Mauricio Raúl Kagel was an Argentine-German composer and academic teacher. Life and career Early life and education
Mauricio Raúl Kagel was born on 24 December 1931 in Buenos Aires, Argentina, into an Ashkenazi Jewish family that had fled Russia in the 1920s. He studied music, history of literature, and philosophy in Buenos Aires. In 1957 he moved to Cologne, West Germany, where he lived until his death. As teacher
From 1960 to 1966 and from 1972 to 1976 Kagel taught at the Darmstädter Ferienkurse. He also taught from 1964–65 at the University at Buffalo as the visiting Slee Professor of music theory. At the Berlin Film and Television Academy, he was a guest lecturer from 1967 on. In 1968, Kagel was the director of the Scandinavian Courses for New Music in Gothenburg and from 1969–74 he served as the director of the Cologne Courses for New Music, succeeding Karlheinz Stockhausen.

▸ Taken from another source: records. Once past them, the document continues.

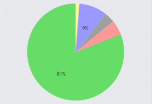 The five most played color combinations for the lands archetype at time of writing.
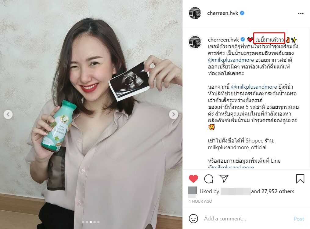ล่าสุดสาวเชอรีนได้โพสต์อินสตาแกรมส่วนตัวอวดภาพ อัลตราซาวด์ ลูกในท้องอย่างตื่นเต้น พร้อมระบุแคปชั่นว่า “มาครบทุกนิ้ว แต่หน้าไม่มา แถมหันหลังหนีอีก โอเคให้ลุ้นเจอทีเดียวเนอะ”
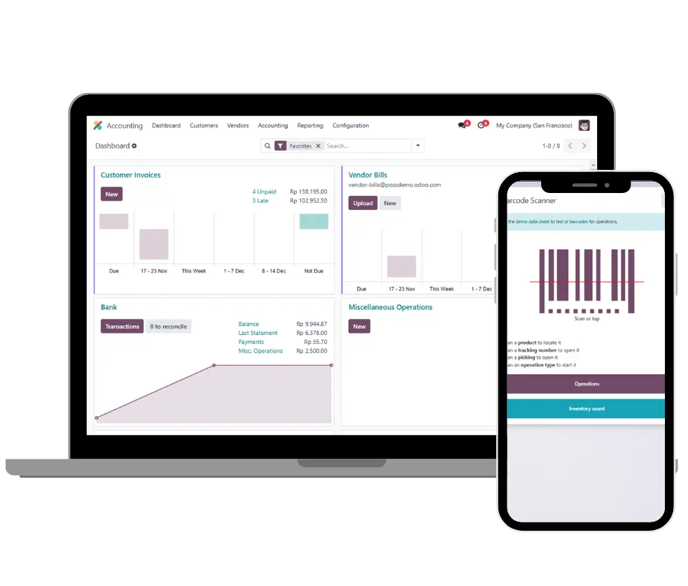 Kami menawarkan solusi ERP yang menyatu dengan sistem akuntansi untuk menciptakan alur kerja yang efisien dan terkoneksi.
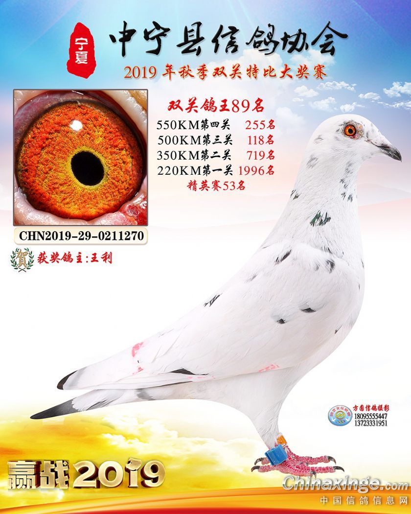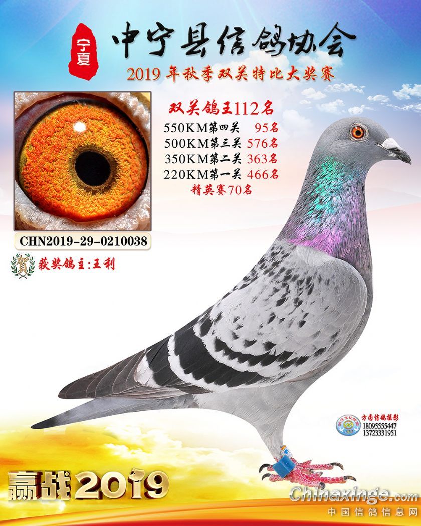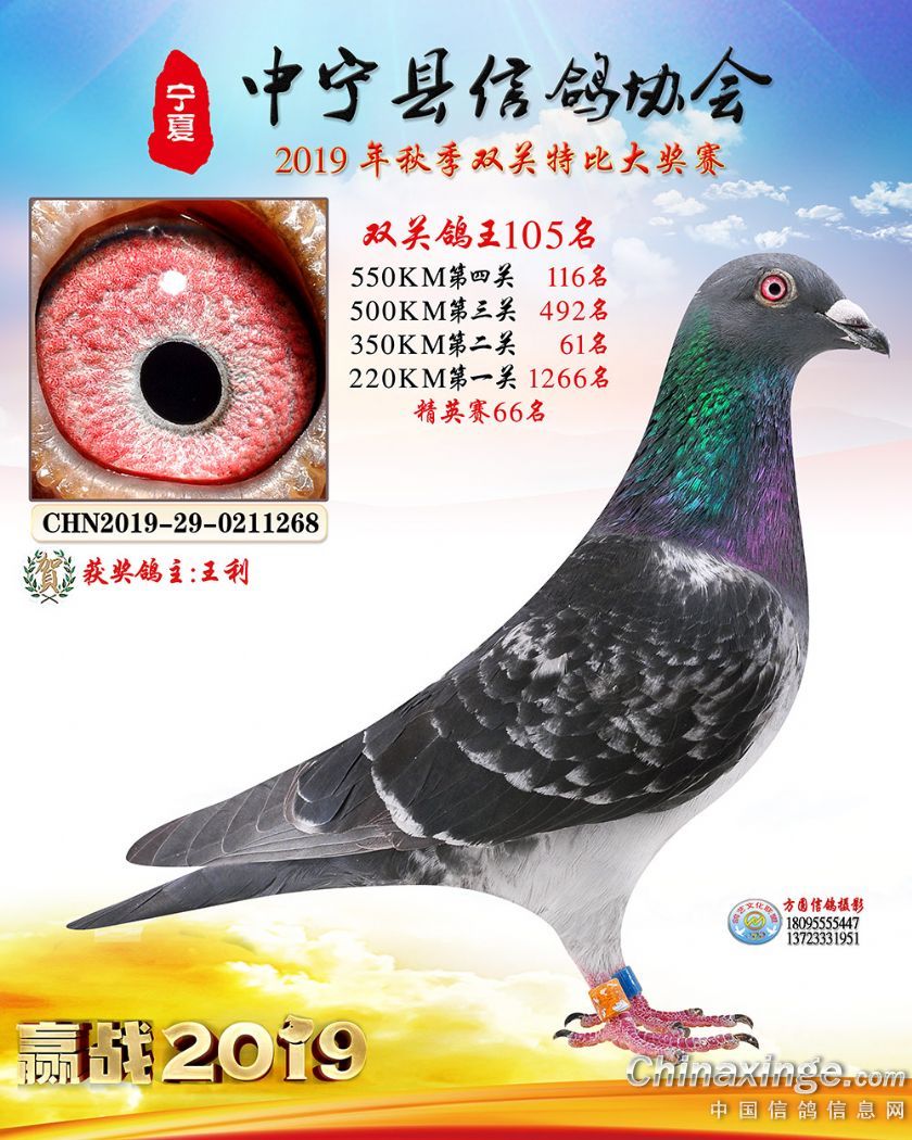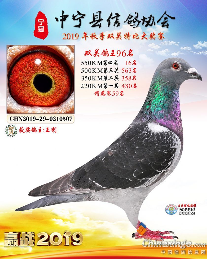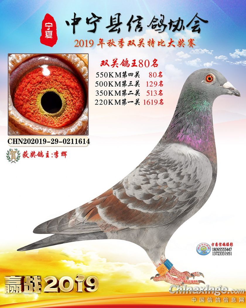 作品说明: 2019年宁夏中宁信鸽协会秋季比赛获奖鸽照片60-120

He was a professor for new music theatre at the Köln Hochschule from 1974–97.
Among his students were Moya Henderson, Kevin Volans, Maria de Alvear, Carola Bauckholt, Branimir Krstić, David Sawer, Rickard Scheffer, Juan Maria Solare, Norma Tyer, Gerald Barry, Martyn Harry, and Chao-Ming Tung. See: List of music students by teacher: K to M#Mauricio Kagel. As composer
Some of his pieces give specific theatrical instructions to the performers, such as to adopt certain facial expressions while playing, to make their stage entrances in a particular way, or to physically interact with other performers. For this reason commentators at times related his work to the theatre of the absurd. He has been regarded by music historians as deploying a critical intelligence interrogating the position of music in society. He was also active in the fields of film and photography. In 1991 Kagel was invited by Walter Fink to be the second composer featured in the annual Komponistenporträt of the Rheingau Musik Festival. In 2000 he received the Ernst von Siemens Music Prize.